Flair: CUDA out of memory

Created on 15 Feb 2019  路  12Comments  路  Source: flairNLP/flair

I have been experimenting ELMo pubmed embedding for NER tagging, but keeps running into CUDA out of memory issue. I set embedding_in_memory as False, also tried various batch size: 16, 8, 6. None of them succeeded. I am using p2.xlarge, with 60G RAM and 12G GPU.

In total I used three embeddings, ELMo pubmed, CharacterEmbedding, and a customized 100d FastText embedding.

My training data is about 70MB, validation and test data are about 6MB respectively.

Is it because my GPU is too small for the above data and embeddings combination?

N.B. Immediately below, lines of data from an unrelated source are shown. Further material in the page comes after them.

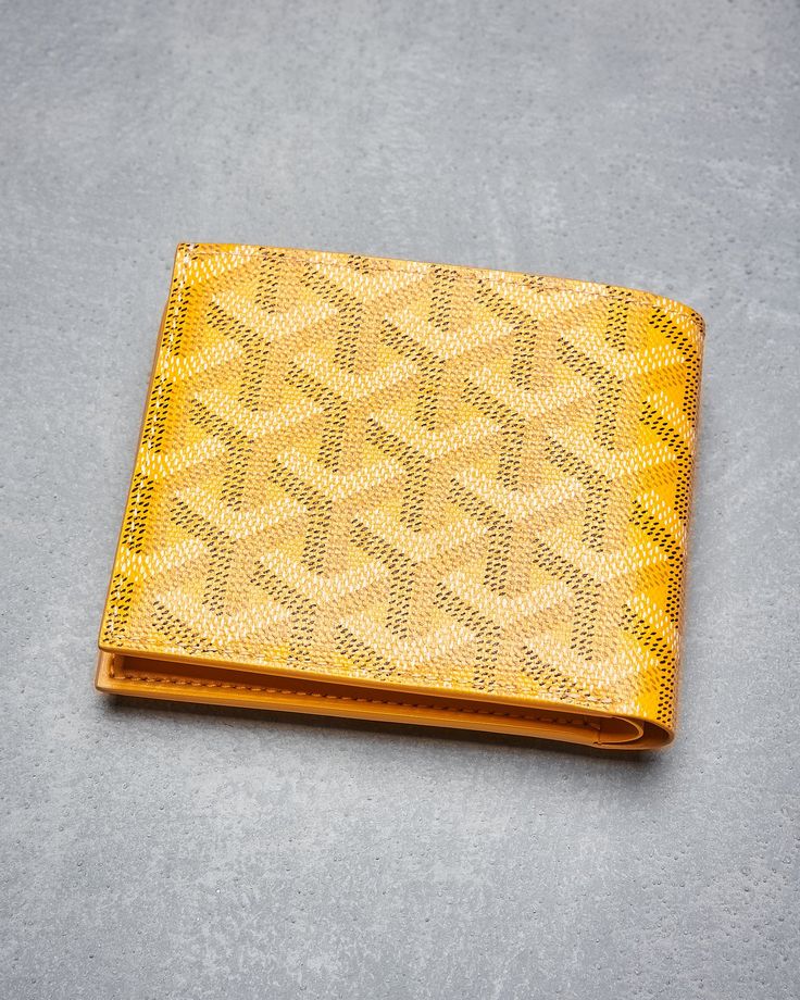 Goyard Victoire bifold wallet crafted from signature Goyardine coated canvas, featuring the iconic chevron pattern. The slim bifold design opens to a well-organized interior with multiple card slots and bill compartments, offering a balance of elegance and everyday functionality. Finished with refined leather trim and precise craftsmanship, it is lightweight, durable, and designed for long-lasting use.
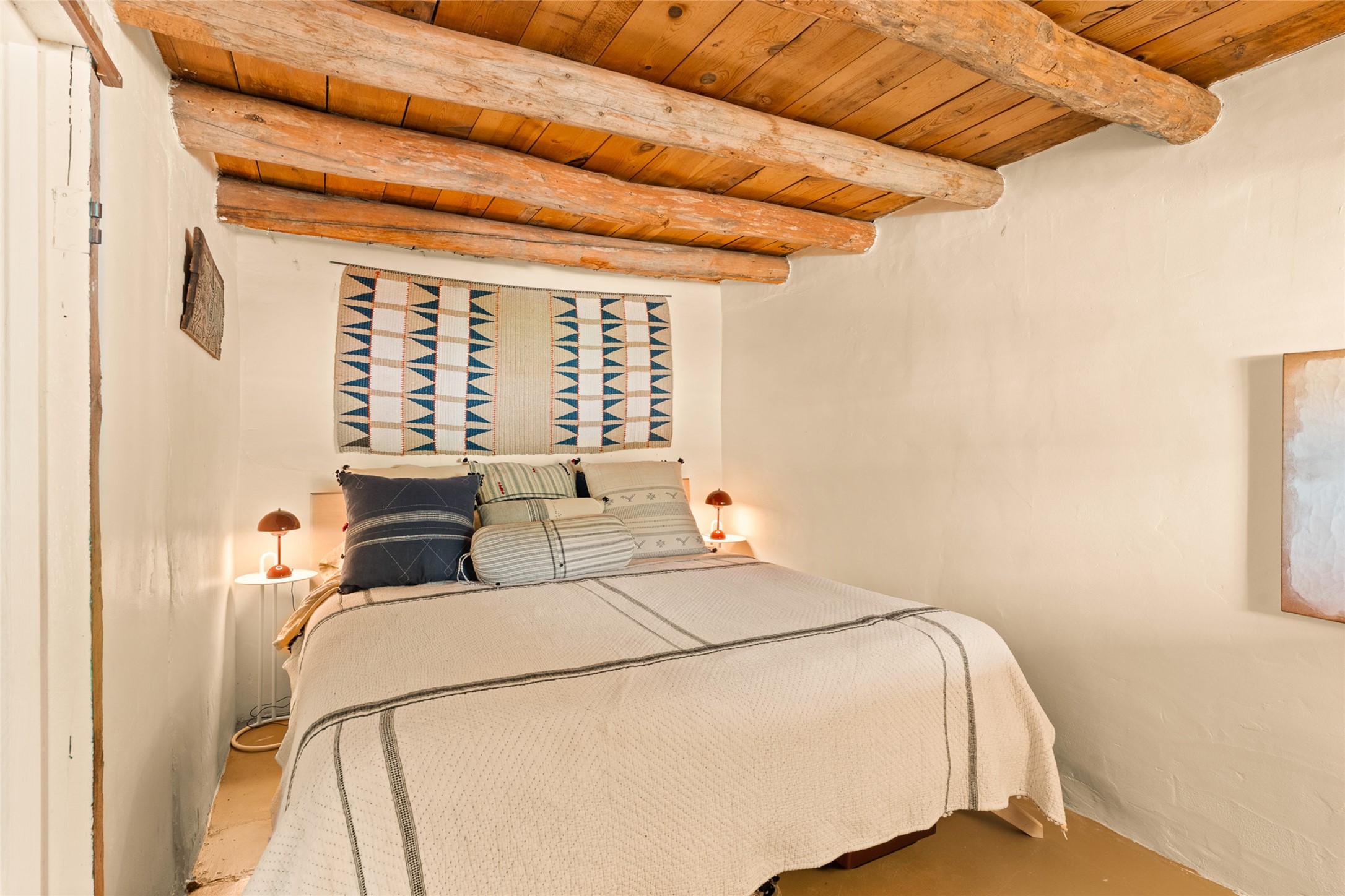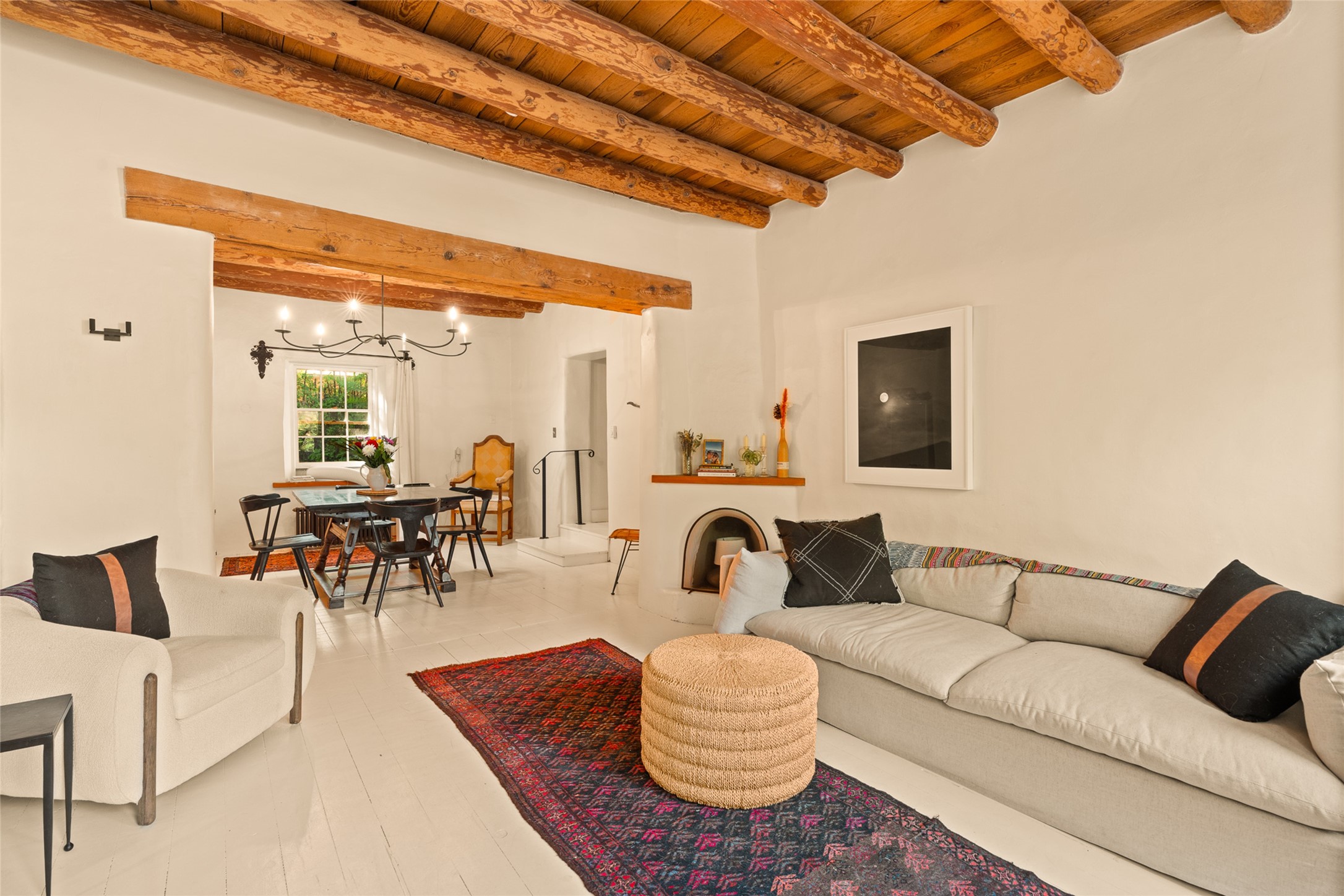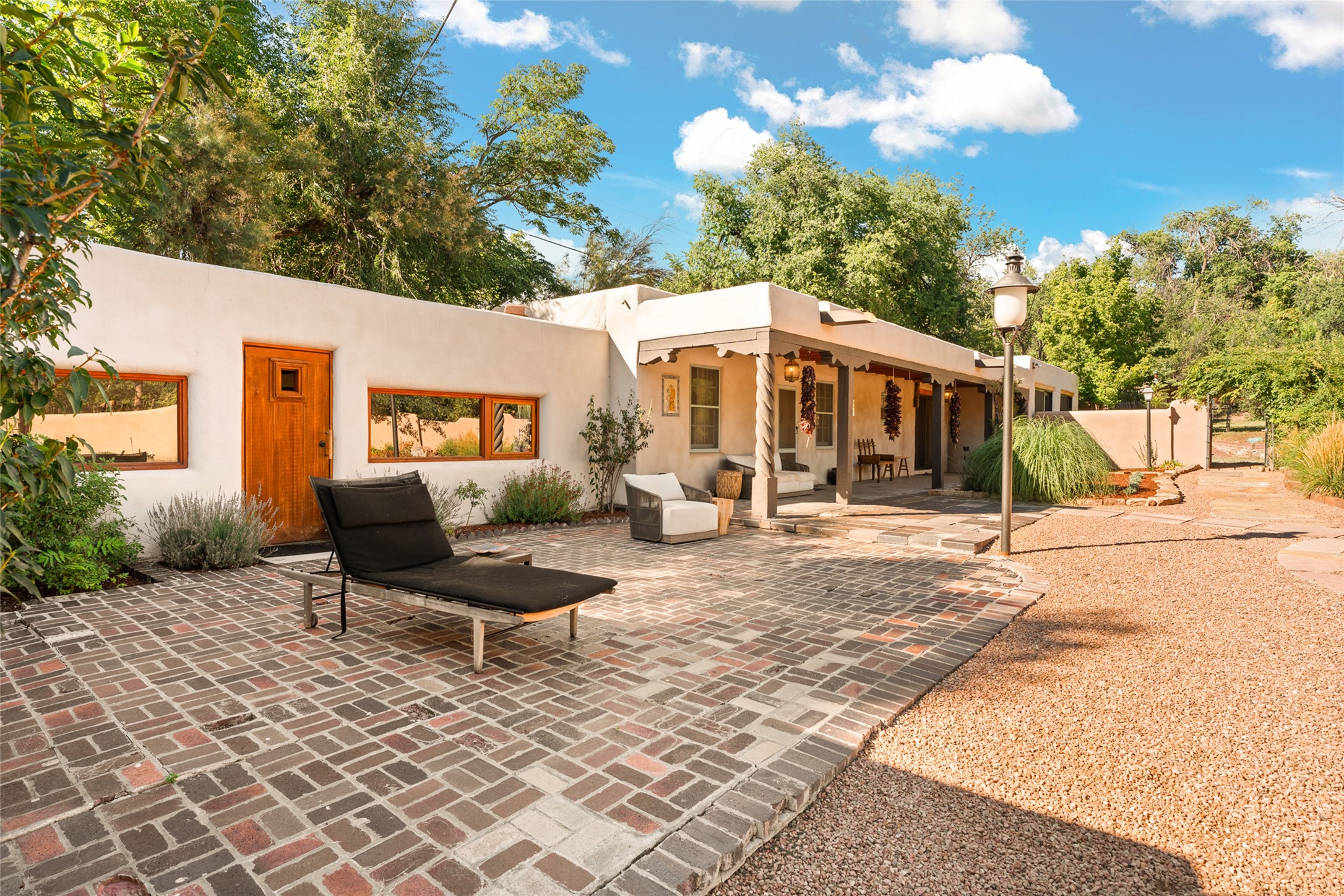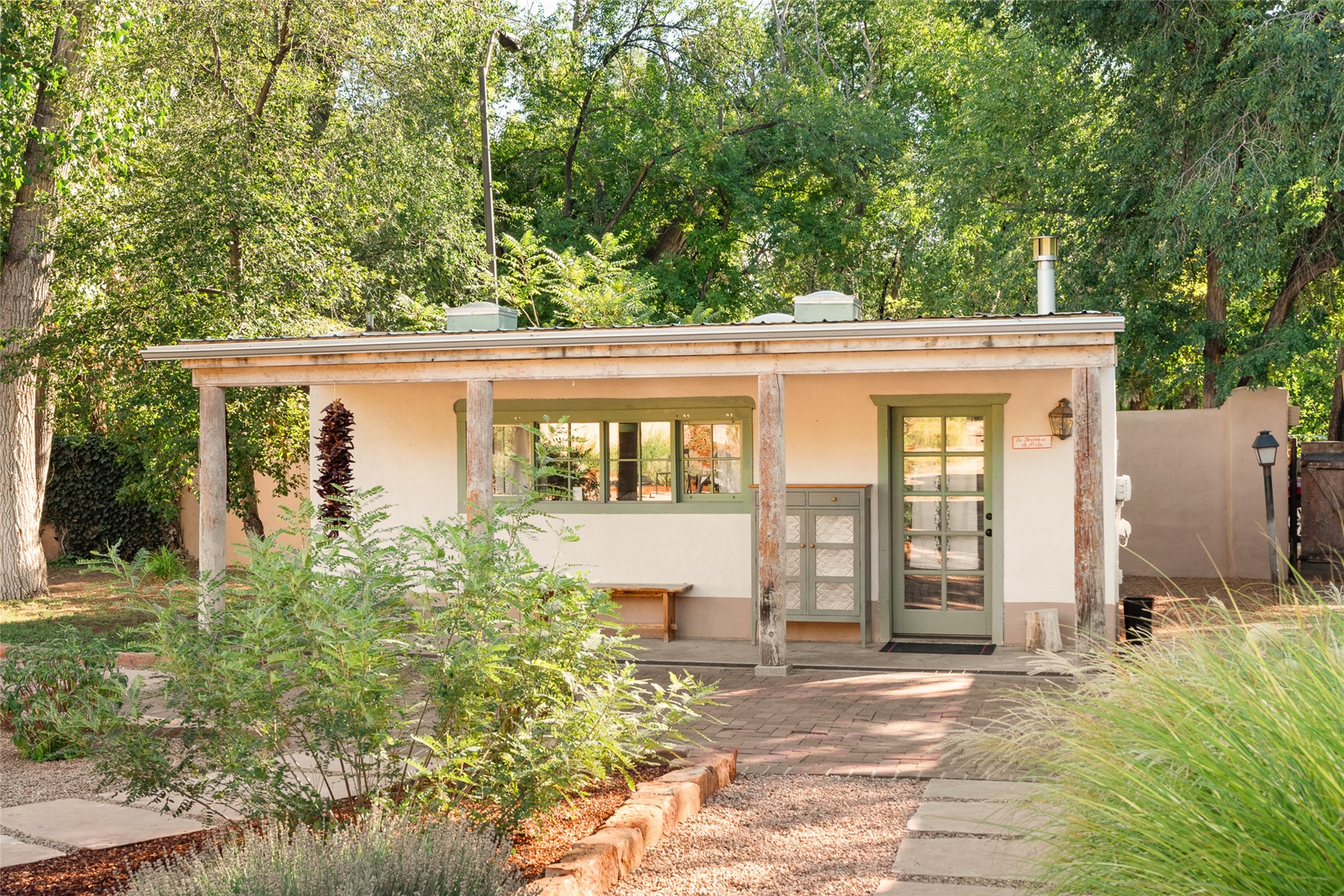 Recently updated with a rich old world charm and history (formerly El Cuervito Ranch), this private and gated compound is situated in the lush village of Tesuque just steps away from El Nido Restaurant, the famed Tesuque Village Market and the world-renowned Santa Fe Opera. Consisting of 0.754 beautifully manicured acres, the entry courtyard has stone pathways and seasonal greenery, creating a warm and inviting playground for the senses. The property consists of a main house (two bedrooms/two baths), guesthouse (one bedroom/one bath), and three separate studio spaces all served by both a shared well and the Tesuque Community Water System. The interiors of these adobe and frame constructed homes are washed with light and have vast tree-lined views in every direction. Formal living spaces open out onto a plethora of indoor/outdoor entertaining options with sitting portals weaving the beauty of nature into the living environment. There is a nice separation of space between the structures, but the property also offers many uses as it is zoned Rural Commercial, allowing many business options for the homeowner. Classic in style, this sensuous property has been fitted with mini-split heating and A/C, plastered walls, wood floors, vigas and beams, completely walled and tucked away in one of Santa Fe's finest idyllic locales.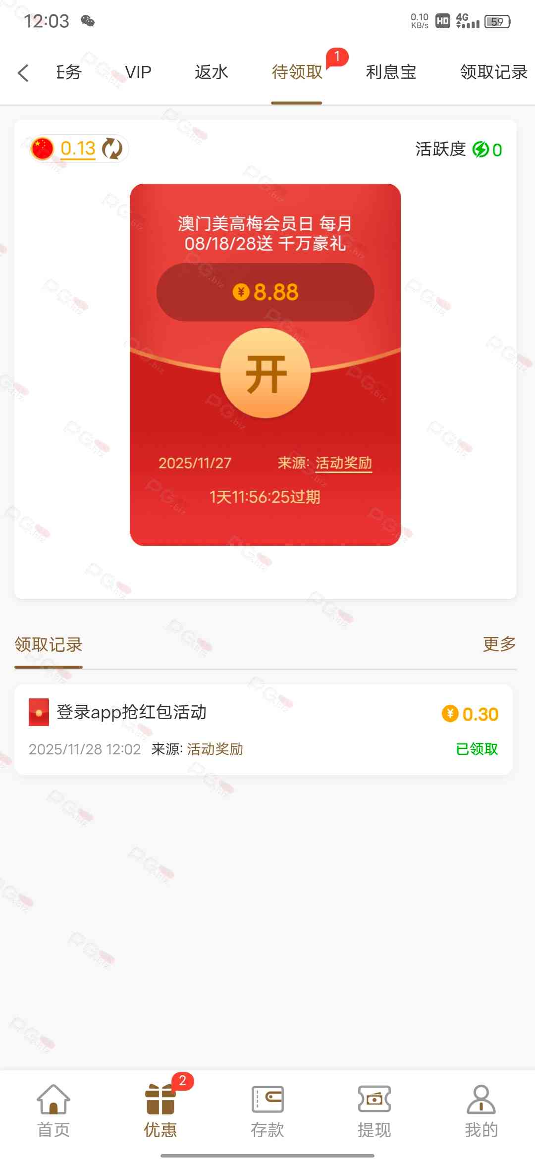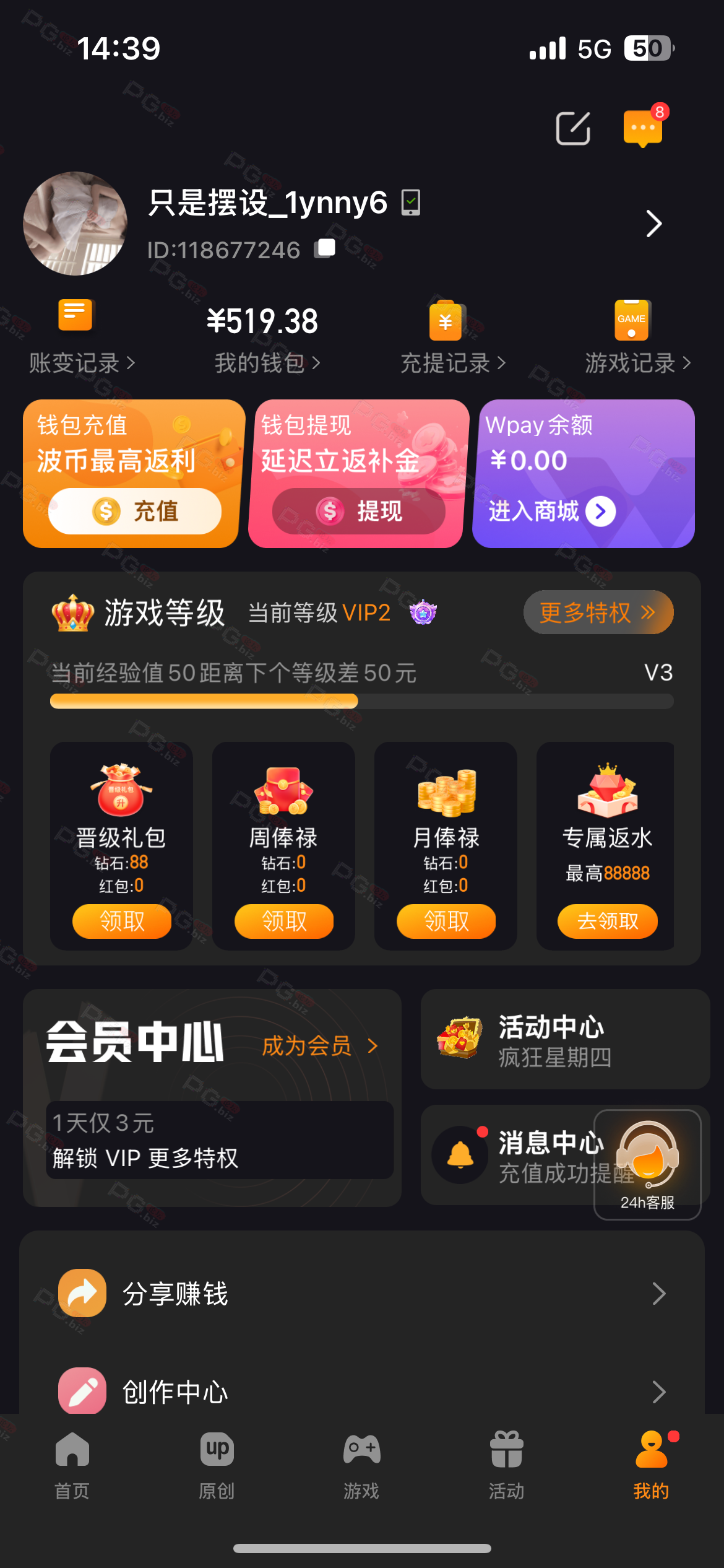 会员每月彩金回馈8/18/28号彩金,需要7天内有一次充值可以领取该阶段彩金,有号的老哥们可以去试水了

Any help is highly appreciated!

The error message is similar to the following:

File "/home/ubuntu/hyang/ner/flair/embeddings.py", line 382, in _add_embeddings_internal
    embeddings = self.ee.embed_batch(sentence_words)
  File "/home/ubuntu/anaconda3/envs/tensorflow_p36/lib/python3.6/site-packages/allennlp/commands/elmo.py", line 244, in embed_batch
    embeddings, mask = self.batch_to_embeddings(batch)
  File "/home/ubuntu/anaconda3/envs/tensorflow_p36/lib/python3.6/site-packages/allennlp/commands/elmo.py", line 186, in batch_to_embeddings
    bilm_output = self.elmo_bilm(character_ids)
  File "/home/ubuntu/anaconda3/envs/tensorflow_p36/lib/python3.6/site-packages/torch/nn/modules/module.py", line 489, in __call__
    result = self.forward(*input, **kwargs)
  File "/home/ubuntu/anaconda3/envs/tensorflow_p36/lib/python3.6/site-packages/allennlp/modules/elmo.py", line 605, in forward
    token_embedding = self._token_embedder(inputs)
  File "/home/ubuntu/anaconda3/envs/tensorflow_p36/lib/python3.6/site-packages/torch/nn/modules/module.py", line 489, in __call__
    result = self.forward(*input, **kwargs)
  File "/home/ubuntu/anaconda3/envs/tensorflow_p36/lib/python3.6/site-packages/allennlp/modules/elmo.py", line 374, in forward
    convolved = conv(character_embedding)
  File "/home/ubuntu/anaconda3/envs/tensorflow_p36/lib/python3.6/site-packages/torch/nn/modules/module.py", line 489, in __call__
    result = self.forward(*input, **kwargs)
  File "/home/ubuntu/anaconda3/envs/tensorflow_p36/lib/python3.6/site-packages/torch/nn/modules/conv.py", line 187, in forward
    self.padding, self.dilation, self.groups)
RuntimeError: CUDA out of memory. Tried to allocate 9.10 GiB (GPU 0; 11.17 GiB total capacity; 1.34 GiB already allocated; 6.99 GiB free; 2.53 GiB cached)
question

Most helpful comment

That is very strange - we sometimes use p2.xlarge instances and have not yet run into CUDA issues.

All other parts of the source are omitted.